Say no more. I moved the dates and came down this weekend instead of last weekend.

And then, by happy chance, it happened that the roll-out of STS orbiter Endeavour for STS-134 was slated to occur this evening. Long story short, I spend a bit of this evening at the VAB watching Endeavour roll out to Pad 39A.


The launch assembly crawls out of the VAB and then hits the gas and begins to move at a more blistering mile-per-hour pace. Once it’s well and truly out of the VAB, the spotlights illuminate it and it stands out in dazzling white.

The parking lot is full of people. Most, like me, are shooting pictures, babbling like kids, or drooling. It’s going on 9:00 at night, so just about everyone on this side of the fence is here because he or she wants to be here. Everybody’s a fanboy and it shows.
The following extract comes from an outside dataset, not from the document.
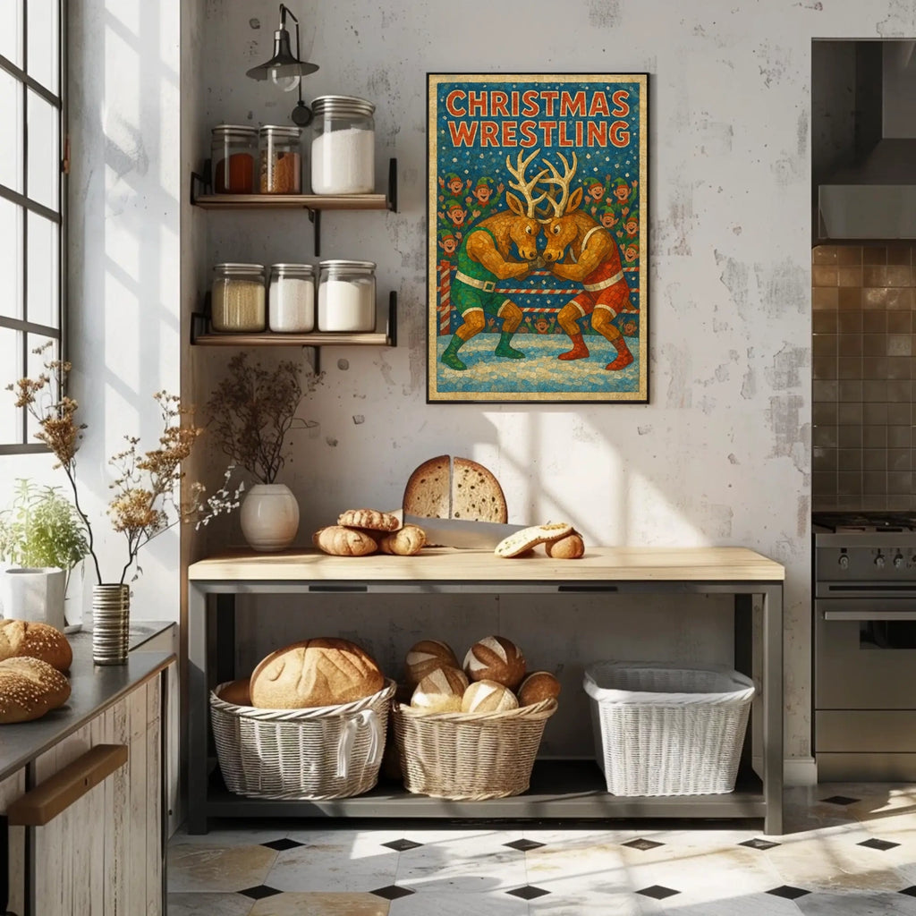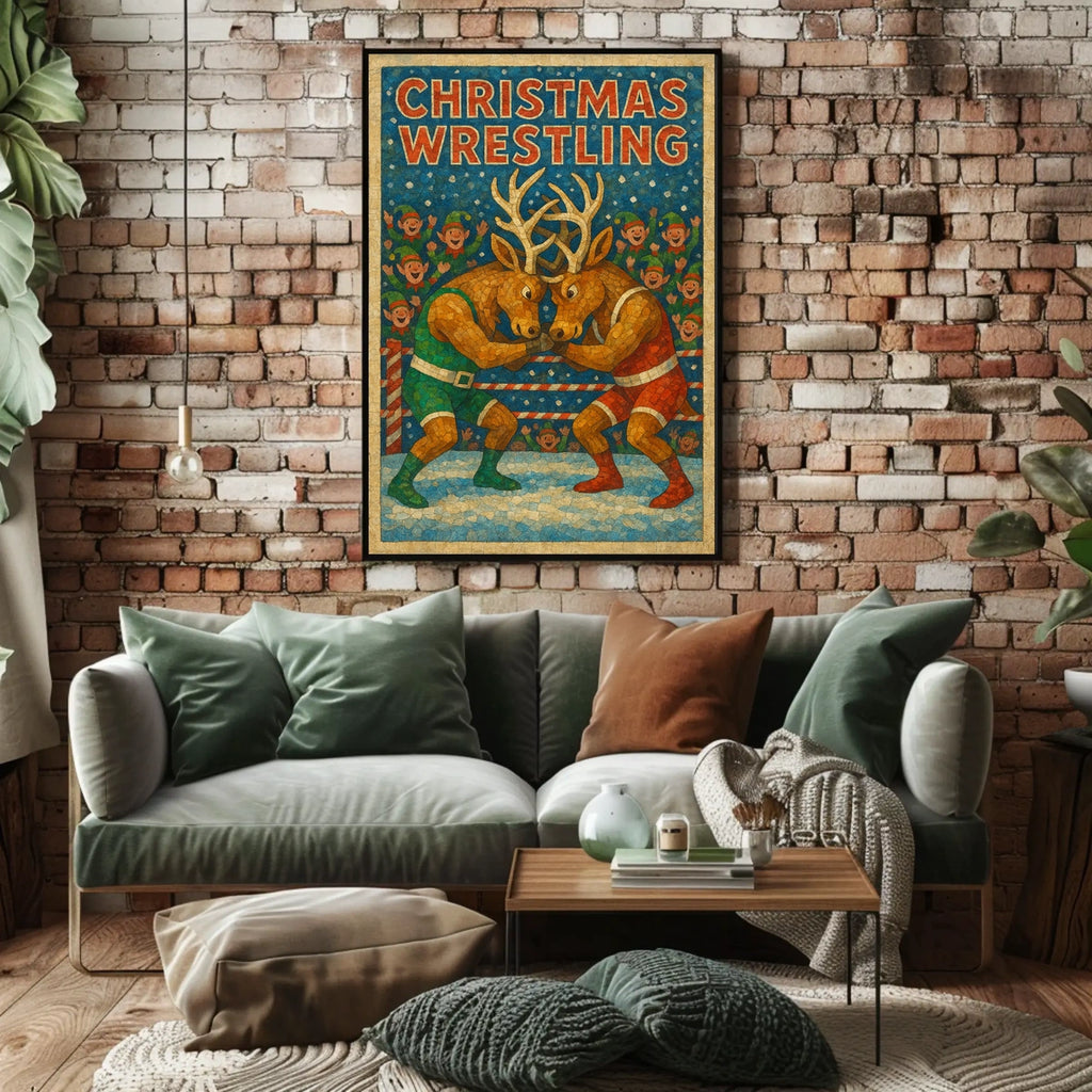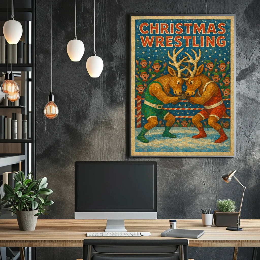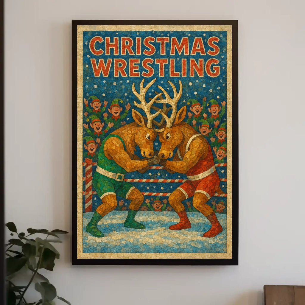 Celebrate the holiday season with this imaginative and festive "Christmas Wrestling" poster, showcasing a whimsical scene of two reindeer in a playful wrestling match. Dressed in vibrant green and red wrestling attire, these charming characters are set against a lively backdrop of cheering elves, capturing the spirit of celebration. The vintage mosaic-like texture and vibrant colors create a cheerful holiday atmosphere, enhanced by a snowy setting with gently falling snowflakes. Perfect for adding humor and creativity to your holiday decor, this unique poster appeals to those seeking a fun twist on traditional Christmas themes.

STS-134 is a run to the ISS to deliver the Alpha Magnetic Spectrometer (AMS) and spare parts, including two S-band communications antennas, a high-pressure gas tank, additional spare parts for Dextre and micrometeoroid debris shields.

Also, as matters stand, it’s slated to be the second to the last STS mission. Which makes it bittersweet to see it roll out. Discovery just landed from its final flight yesterday. So everyone is aware of the era ending.


I suppose that I shouldn’t be bothered as much as I am. I’ve always been the first guy to complain that the STS has given us a space pacifier that has kept the public’s mind off the fact that our manned space program hasn’t left low earth orbit since 1972.

But the STS has been the county’s flagship space program for most of the time during which I was growing up so, like it or not, the STS has a place in my heart. It’s weird to see an orbiter recede into the night like that.

There are much more profound things to say about this evening. Probably in some larger context and in more concise form. For the time being, I think it’s probably enough to acklowledge how grateful I am to the Starfighters for the access to the rollout and the chance to see the great lady up close. And to walk among a crowd of people that is just as excited as I am about being there.

Big day tomorrow here on the Space Coast. More soon!